Implement Validation Loss

Notice that the valid_loss function returns -1 in the provided code. Your task is to complete this function. It should meet the following specifications:

Return the average loss per batch for the validation data
Not calculate a gradient

Notice, PyTorch automatically calculates the gradient when generating predictions. You should research how to disable this for a whole function or for a block of code (either way works).

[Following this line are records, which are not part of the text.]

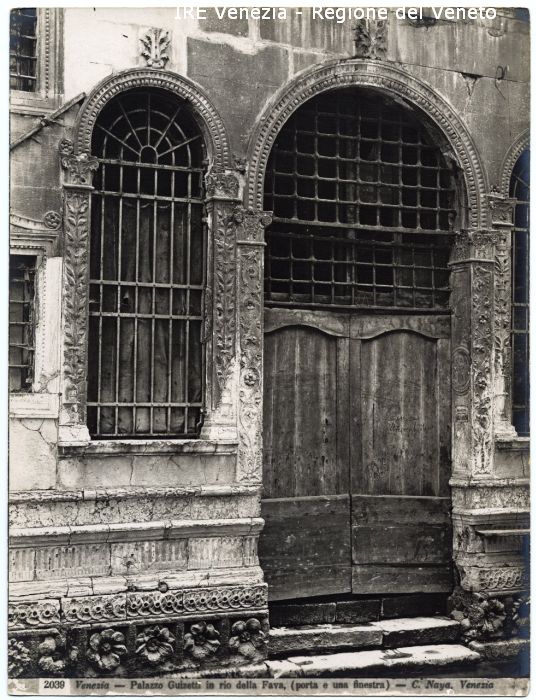 - ISCRIZIONI sul recto: nell'etichetta didascalica sotto l'immagine: al centro - 2039 Venezia - Palazzo Guizetti in rio della Fava, (porta e una finestra) - C. Naya, Venezia - fotografica -
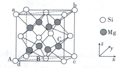 Si位于晶胞的顶点和面心,一个晶胞中含有Si的个数为8×1/8 + 6×1/2 = 4,Mg位于体内,一个晶胞中含有Mg的个数为8,则该晶胞的化学式为Mg₂Si。晶胞中与Mg原子距离最近且相等的Si原子有4个,故Mg原子的配位数为4。
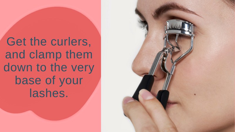 Get the curlers and clamp them down to the very base of your lashes.
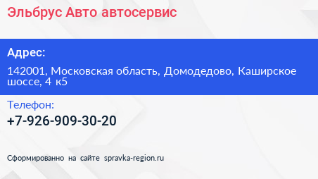 Эльбрус-Авто, автосервис по адресу 142001, Московская область, Домодедово, Каширское шоссе, 4 к5 в дальнейшем Организация, размещена в следующих категориях:
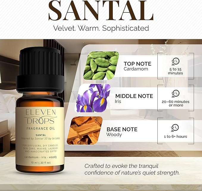 - Santal-Inspired Luxury at Home - Experience the timeless sophistication of Santal aroma — a warm, woody blend of sandalwood, cedar, and cardamom that fills any room with elegant serenity. Perfect for creating calm, luxurious spaces.
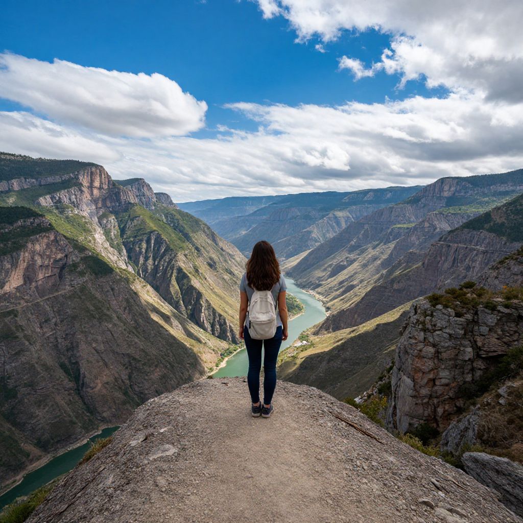Photograph of a woman with long dark hair, wearing a white backpack, black pants, and a dark top, standing on a rocky ledge with her back to the camera. She gazes at a vast, mountainous valley below, featuring steep, rugged cliffs, a winding green river, and lush greenery. The sky above is bright blue with scattered white clouds. The terrain is a mix of rocky outcrops and green hills. The scene conveys a sense of adventure and natural beauty.
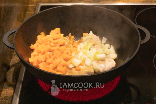 Добавьте лук и морковь и жарьте как минимум до достижения луком прозрачности.
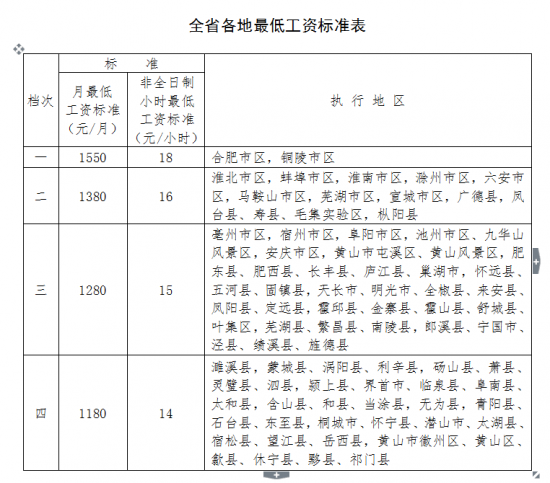 人民网合肥11月1日电(赵越)今日,人民网安徽频道记者从安徽省人社厅了解到,经安徽省人民政府同意,安徽自2018年11月1日起调整全省最低工资标准。调整后,月最低工资标准四个档次分别调整至:1550元、1380元、1280元、1180元。非全日制用工小时最低工资标准同步调整,分别为:18元、16元、15元、14元。
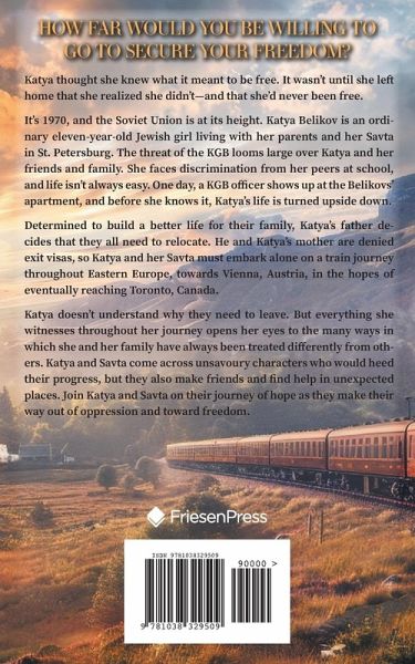 How far would you be willing to go to secure your freedom? Katya thought she knew what it meant to be free. It wasn't until she left home that she realized she didn't-and that she'd never been free. It's 1970, and the Soviet Union is at its height. Katya Belikov is an ordinary eleven-year-old Jewish girl living with her parents and her Savta in St. Petersburg. The threat of the KGB looms large over Katya and her friends and family. She faces discrimination from her peers at school, and life isn't always easy. One day, a KGB officer shows up at the Belikovs' apartment, and before she knows it, Katya's life is turned upside down. Determined to build a better life for their family, Katya's father decides that they all need to relocate. He and Katya's mother are denied exit visas, so Katya and her Savta must embark alone on a train journey throughout Eastern Europe, towards Vienna, Austria, in the hopes of eventually reaching Toronto, Canada. Katya doesn't understand why they need to leave. But everything she witnesses throughout her journey opens her eyes to the many ways in which she and her family have always been treated differently from others. Katya and Savta come across unsavoury characters who would heed their progress, but they also make friends and find help in unexpected places. Join Katya and Savta on their journey of hope as they make their way out of oppression and toward freedom.
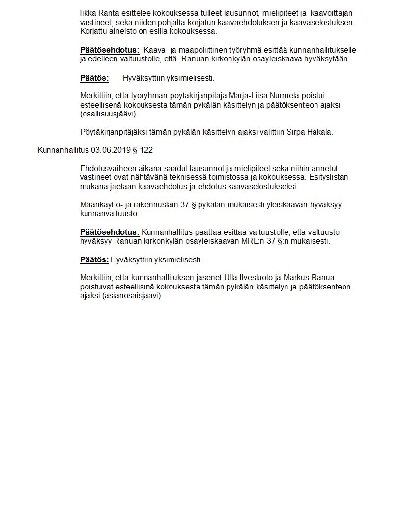 Pöytäkirja 03.06.2019/Pykälä 122
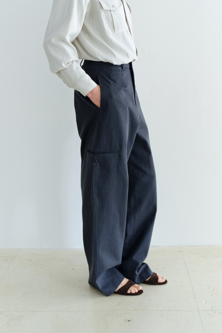 - 고밀도 코튼 원단을 베이스로 바이오 가공한 헤링본 텍스처 원단이 특징입니다.
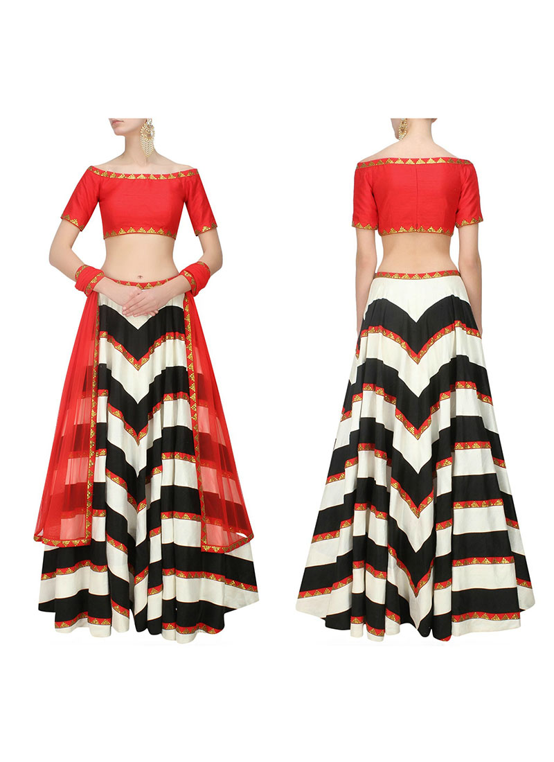 Black white RawSilk DigitalPrinted Embroidered Navratri Lehenga Choli at Zikimo - Zikimo.com - Original Indian Bridal Lehengas Collection
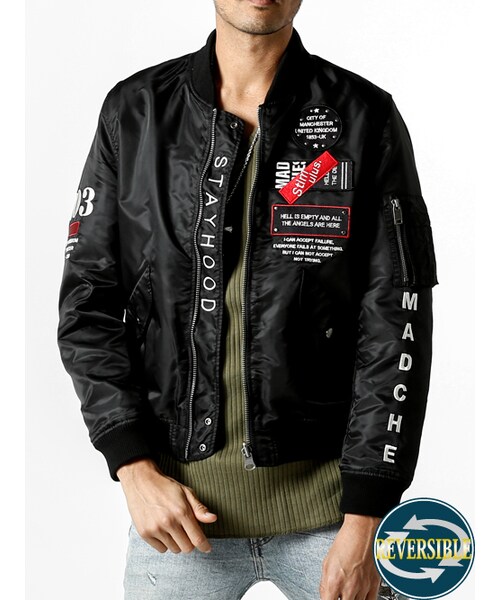表面は刺繍、スタッズ、ワッペンを随所に配した拘りのMA-1。ファスナーを開けたままで見える刺繍ロゴが施してあり、裏面はシンプルなMA-1となっていて、使いやすさは抜群。一着持っていれば幅広いコーディネートに使える事間違い無し。 カラーがブラックのみ、サイズはM〜XLの3の3サイズで展開中。 皮革部分 カウレザー
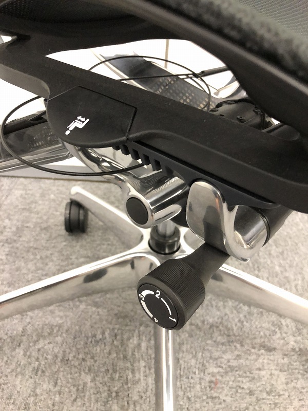 - ロッキングの強弱を調整するダイヤルがございます。体型に合わせてリクライニングの固さを座ったままで調整できます。

To evidence completion of this task, and to check your own progress, please train your model using the train function. You should add to the pdf accompanying your code a screenshot of the output of your code. Mine, for example, looks as follows (ignoring the remaining epochs):

batch 100 loss: 1.6615215480327605
batch 200 loss: 1.099790757894516
batch 300 loss: 0.9497145491838456
batch 400 loss: 0.8745188522338867
batch 500 loss: 0.8291540437936783
batch 600 loss: 0.7907151341438293
batch 700 loss: 0.7683601039648056
batch 800 loss: 0.7313806009292603
batch 900 loss: 0.7262751519680023
Epoch 1 Train Avg Loss 0.928412394119047 Validation  Loss 0.7187230858453519
--------------------------------------------------------------------------------
...

Light Error Analysis

To further evaluate your model’s performance, you should complete two things:

Calculate the accuracy, precision, recall, and f1 score for you model on your validation data (both before training and after training; you should use sklearn)
Compare the average probability your model assigns to it’s top prediction when it is correct to when it is incorrect.
Plot a few of your model’s incorrect predictions. Do you see any pattern?

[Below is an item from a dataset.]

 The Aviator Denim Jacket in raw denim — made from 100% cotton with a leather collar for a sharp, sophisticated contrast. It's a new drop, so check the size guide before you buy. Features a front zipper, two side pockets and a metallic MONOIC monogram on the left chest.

To evidence completion of this task, and to check your own progress, please provide screenshots of the output of 1 and 2 in the pdf accompanying your code. Mine, for example, look like:

Initial metrics:
Acc 0.0625 P 0.07361111111111111 R 0.04892156862745098 F1 0.038225108225108224
Final metrics:
Acc 0.78125 P 0.7961111111111111 R 0.7908730158730158 F1 0.7836813186813186

Average probability of correct predictions: 83.2%
Average probability of incorrect predictions: 57.67%

For 3, include images of your plots and a description of any patterns you see or explanation you may have for your model’s mislabeling. Notice, a plotting function has been provided with the class for the data.